Google EA '06 Strategy Grounding

There's a ton of this kind of User Generated Content condensing aspirational experience into pithy learnings online.

Not quite strictly UGC in this case I guess. As the author may well post to plumpen his proficiencies for promoting the global delivery ambitions of a local-business focused courier of which he appears part.

The takeaway? Use only imagery on slides.

He includes pictures, graphs and logos in this.

Hardly mind-blowing.

As it was a known expertise back in 2006. Even if sadly seldom practised in the general sales presentation populace. It was nevertheless not cutting edge technique.

By way of timestamp, I wrote my first pic-based salesdeck pitching Enterprise systems around '94. And won the order. In my first senior exec internal all-hands presentation, I supplied similar graphic based instructions to the slide maker around '97. When she excitedly passed word along, it rapidly influenced other speakers to overhaul their output.

Even so seventeen years on, it does bear repeating.

Especially in times of the virtual setting for first viewings.

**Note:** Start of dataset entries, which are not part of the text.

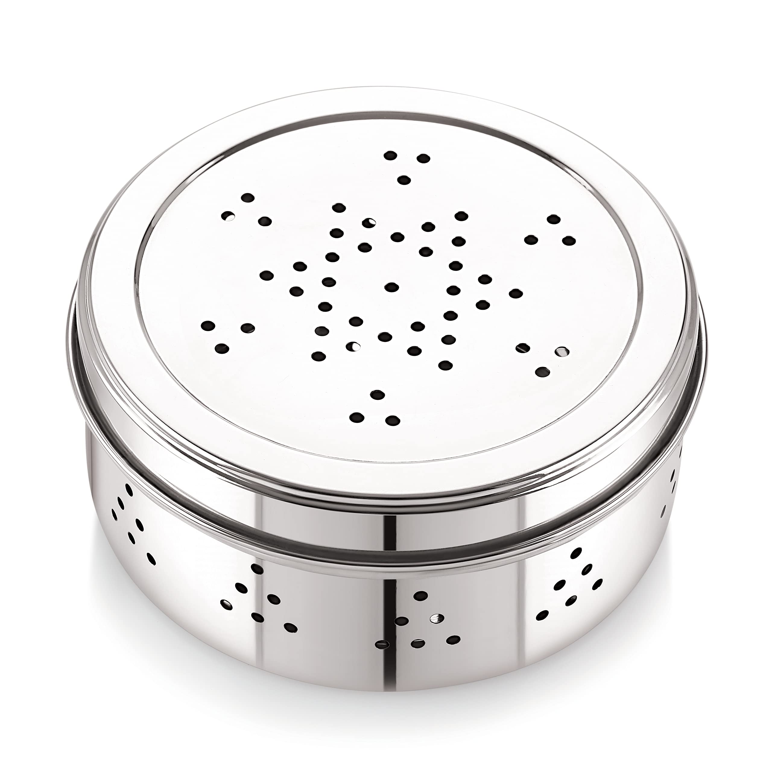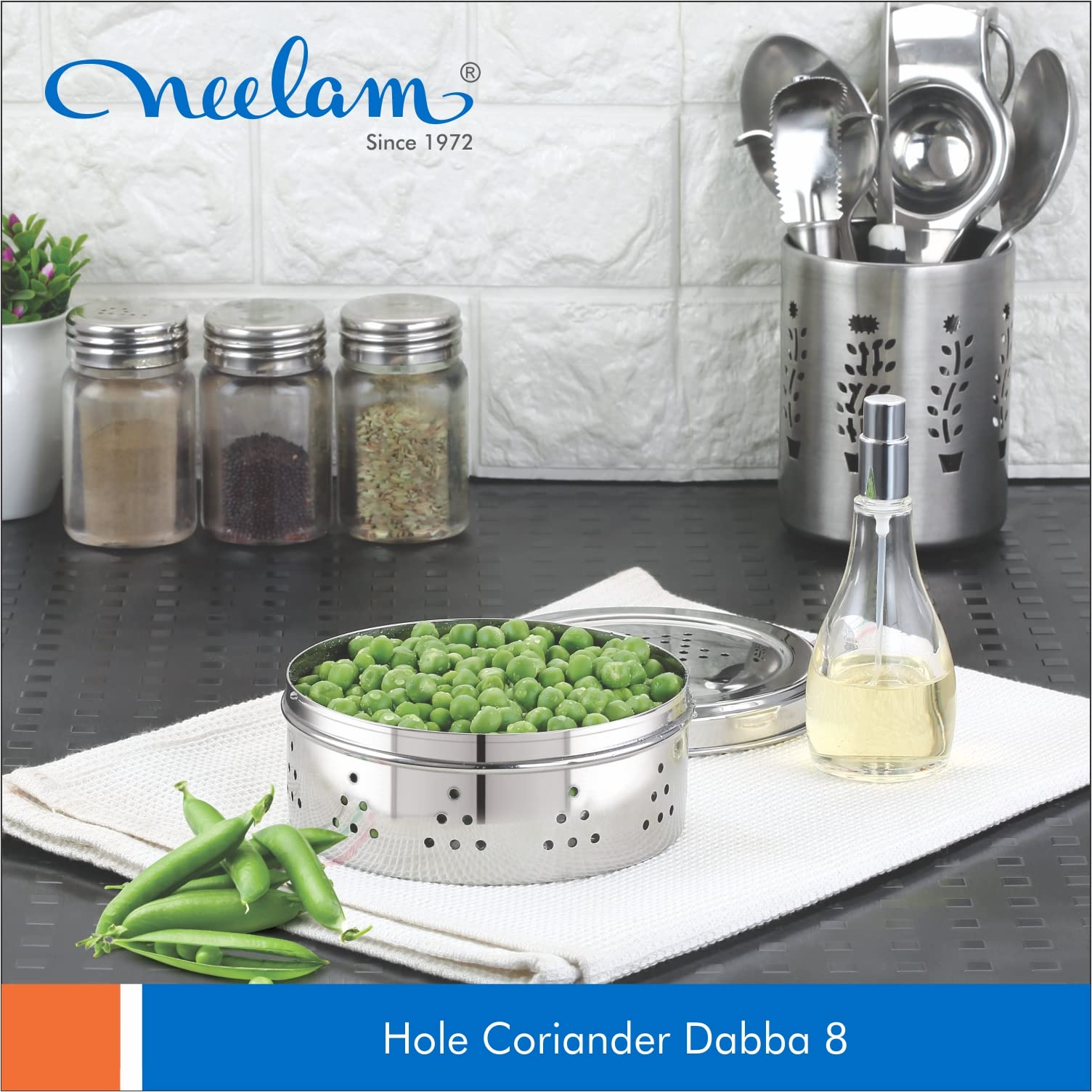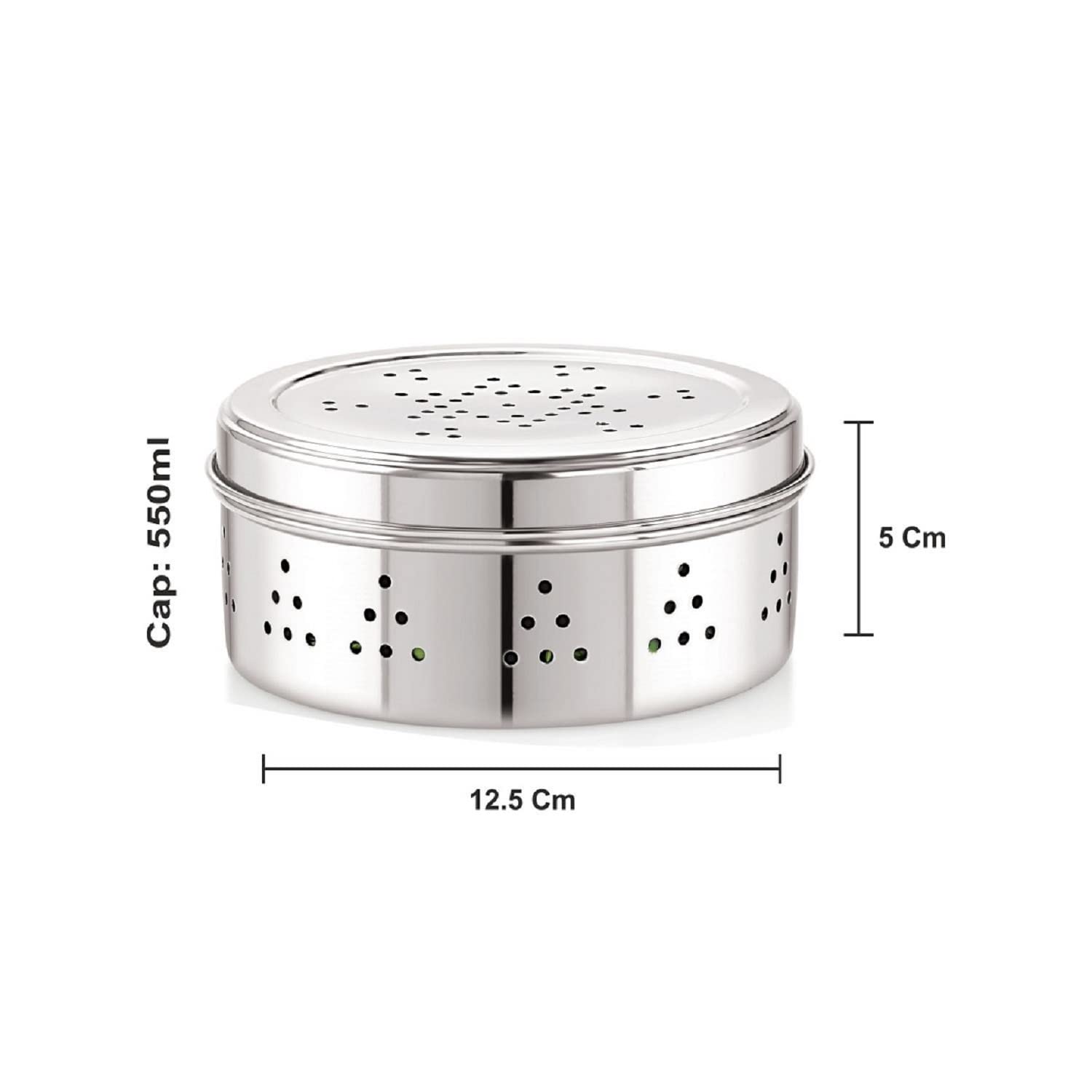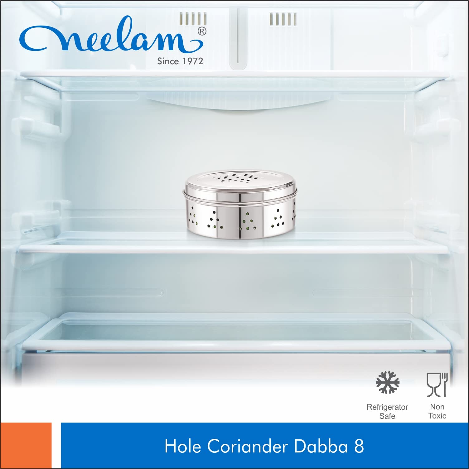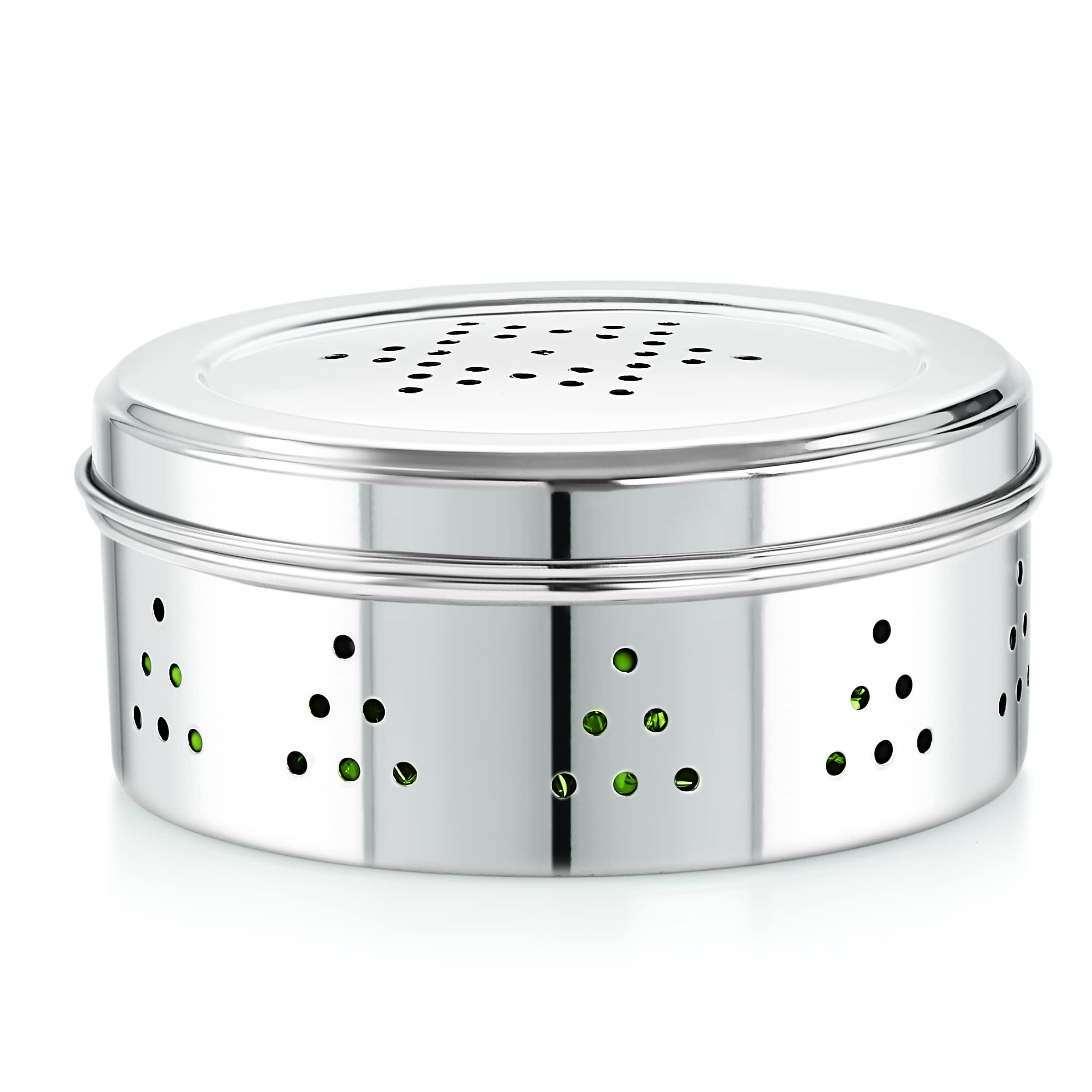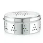 High-Quality Stainless Steel Construction: The Neelam Stainless Steel Coriander Dabbas with Air Ventilation is crafted from premium stainless steel ensuring durability and long-lasting performance while also resisting rust and corrosion for reliable leafy vegetable storage. Air Ventilation: Designed with air vents to preserve freshness and prevent moisture buildup. Size No. 8: Ideal size for storing coriander spices and seasoning with ease. Elegant Silver Finish: Stylish sleek silver finish that enhances your kitchen aesthetic.
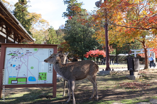 © narautsu, Fototapeta premium 奈良公園 紅葉と鹿
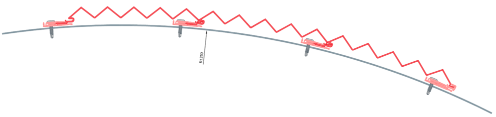 Lisované profily PREFA lze montovat také při vertikálním kladení profilů na zaobleném podkladu. Přitom je nutné dodržet pro stavební šířku 200 mm minimální poloměr r ≥ 1 250 mm.
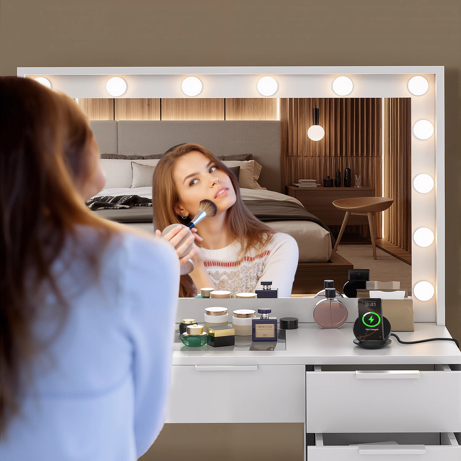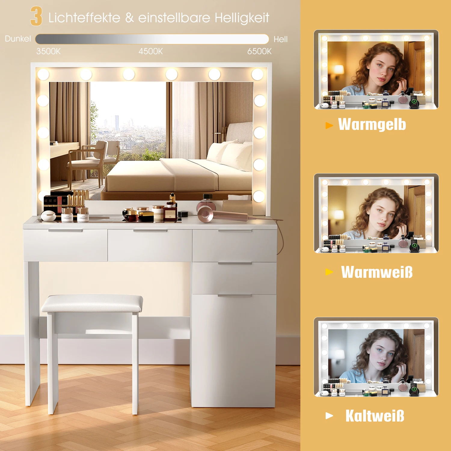 Трехцветное освещение: этот туалетный столик оснащен регулируемым зеркалом со светодиодной подсветкой, которое предлагает три варианта освещения: холодный свет, естественный свет и теплый свет.
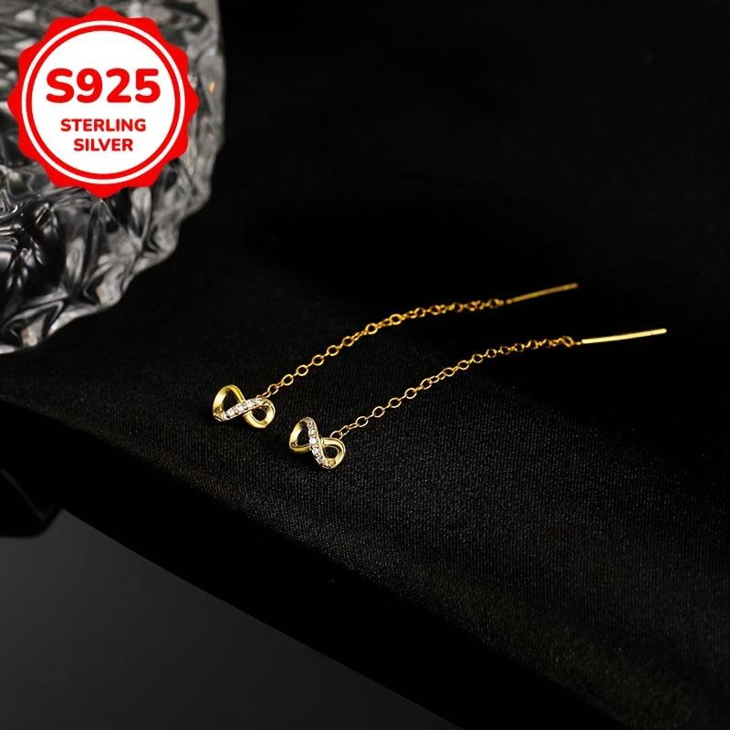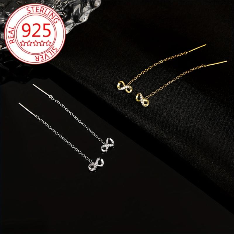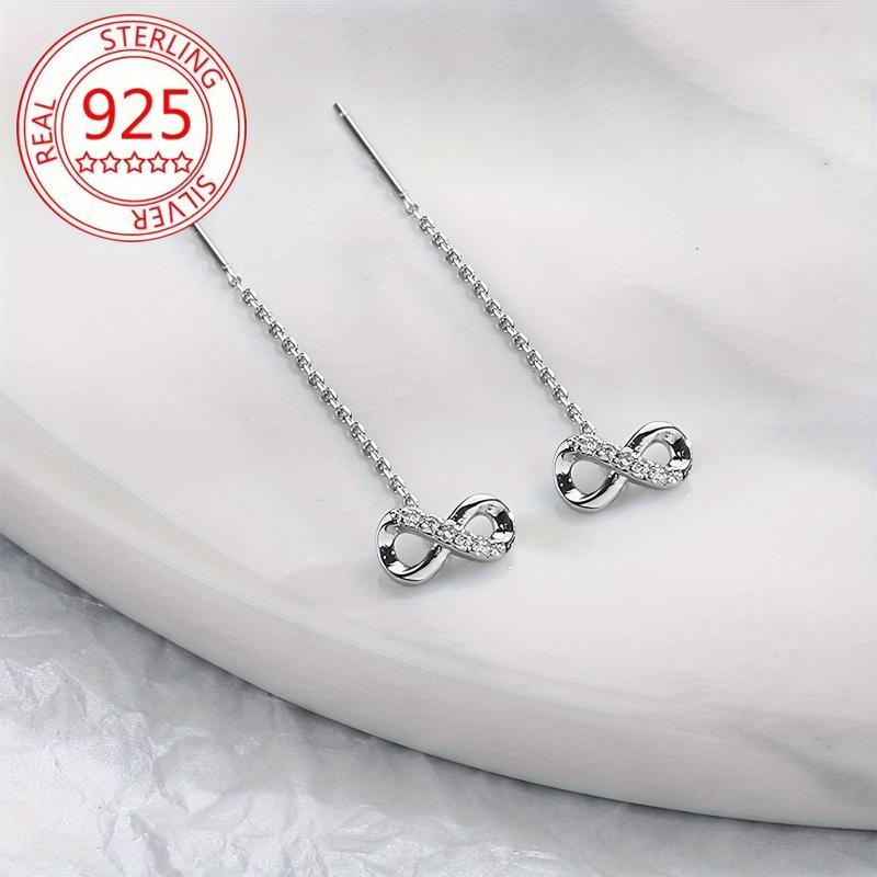 Add a touch of elegance to your look with these sterling silver earrings featuring an infinity symbol and sparkling cubic zirconia. Perfect for daily wear, parties, Christmas, and anniversary celebrations.

Timely, as this missive (purposely?) coincides with Google's latest annual developer conference, I/O, just taking place.

The present-day chief Googler goes more for plentiful mini-animated shorts.

Here is though a sample still of what was pretty much his first slide proper. Ninety seconds in to the official Youtube upload of his address.

An image of sorts. There were better, later.

[Read my review of that keynote here.]

Texty in general is bad.

Bullet points loaded with lettering is badder.

A screen full of printed prose is baddest.

You'd think we know this today.

Let me shatter your illusion.

Alas, with a heavy heart I report that many a deck I've seen lately does not.

Not only does this ring true in much of B2B sales, but it also spreads to other business disciplines.

Which can have devastating ramifications for the slides of those you entrust to do your bidding from within prospect organisations.

Consider that.

As an aside, I went to b-school. Twice. Not a minute of targeted presentation training did I receive.

Someone should be ashamed.

After all, who signs up for corporate presentation coaching (especially for the salesteam) these days?

The only 'learning' method in evidence seems by watching others.

This is a glaring gap in the seller's arsenal. Worsened over time by its continuing widespread omission.

To step off my soapbox, none of this should lessen the fact that any slide you are designing, however slapdash or painstakingly, will benefit from the tests alluded to in the above tweeted memory.

It's also worth mentioning that his tweet is mistitled.

It is not about How to present.

Let's swap out that word 'presentations' from his summary.

4 principles for delivering compelling slides to live audiences

It is about How to make a slide.

There's nothing on theme, story, angle, framing, thread, purpose, pay-off, length.

Nonetheless, a sanity check for that deck you're working on right now.

Although at least we surely snigger at his third point's wail at that colleague, who "flaked at the last minute".